Ask HN: Who is looking for a co-founder? - break_the_bank
Had posted this a month ago. Posting this again! Haven&#x27;t hacked on anything since. I can do back-end, love Python but have professionally written Java&#x2F;C++. Have an interest in go-lang.
======
SiDevesh
I am looking for a co-founder in Bangalore, India. I am building
[https://prismos.dev](https://prismos.dev), which can be thought of as Android
(OS + SDK + App store) for IoT microcontroller boards. If you are someone with
experience in the field of IoT development and hardware prototyping, I would
love to discuss! Drop me a mail at swapnil@prismos.dev

------
baylessj
Hi, I'm in Eastern Time Zone USA and I'm looking for someone interested in
helping me build a cross-platform mobile and web app for keeping track of car
maintenance tasks. The mobile app is currently in a closed alpha release for
Android and I'm hoping to move it to a public beta and get an iOS alpha out
soon. I would greatly appreciate someone with experience in developing
profitable projects or simply another developer to collaborate with.

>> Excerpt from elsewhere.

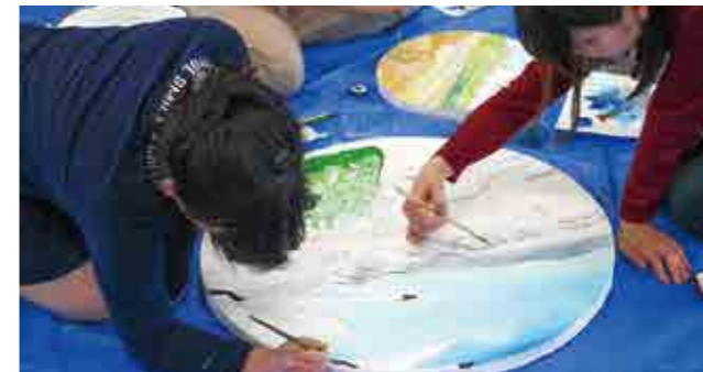
愛鳥館に飾る看板の色塗りワークショップ

I'm
currently developing the app in Flutter, you can view my progress and some
degree of planning in the project's github repo here:
[https://github.com/autodo-app/autodo](https://github.com/autodo-app/autodo) I
would prefer someone in a similar time zone to me, but that's not a hard
requirement. You can reach me at: contact [at] autodo.app!

------
mrauha
I'm a chemist with a background in computational design and optimization.
Familiar with that machine learning stuff.

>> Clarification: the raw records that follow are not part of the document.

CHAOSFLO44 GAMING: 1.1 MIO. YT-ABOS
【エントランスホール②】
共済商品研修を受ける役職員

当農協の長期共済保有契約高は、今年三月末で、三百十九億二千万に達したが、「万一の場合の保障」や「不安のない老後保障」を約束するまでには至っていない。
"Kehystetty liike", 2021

I follow many fields & technologies, am into all kinds of things, and intend
to pursue these thingies more and more. I'm a bit on the idea person
-spectrum, but have the skill to get stuff done.

Not sure what to expect, but if you or anyone else is interested in chatting
up, you can email me at mun_gangsta_email@protonmail.com

------
The_Founder
I am looking for a co-founder for a project I've been working on for about
three years but am just getting around to monetizing.

Audiobook publishing.

I know, between Audible and Podcast there is no niche for a new audiobook
company.

Here is why you're wrong. "Audio" is taking off like a rocket right now.
Everyone has access to every audiobook ever made in their pocket, but
distribution and cost stand in the way.

OverDrive is great but lacks availability. Popular books are on 2-3 month wait
lists.

Audible is great but most people don't want an Audiobook subscription.

Most people want want ONE audiobook, right NOW, that they are going to LOVE.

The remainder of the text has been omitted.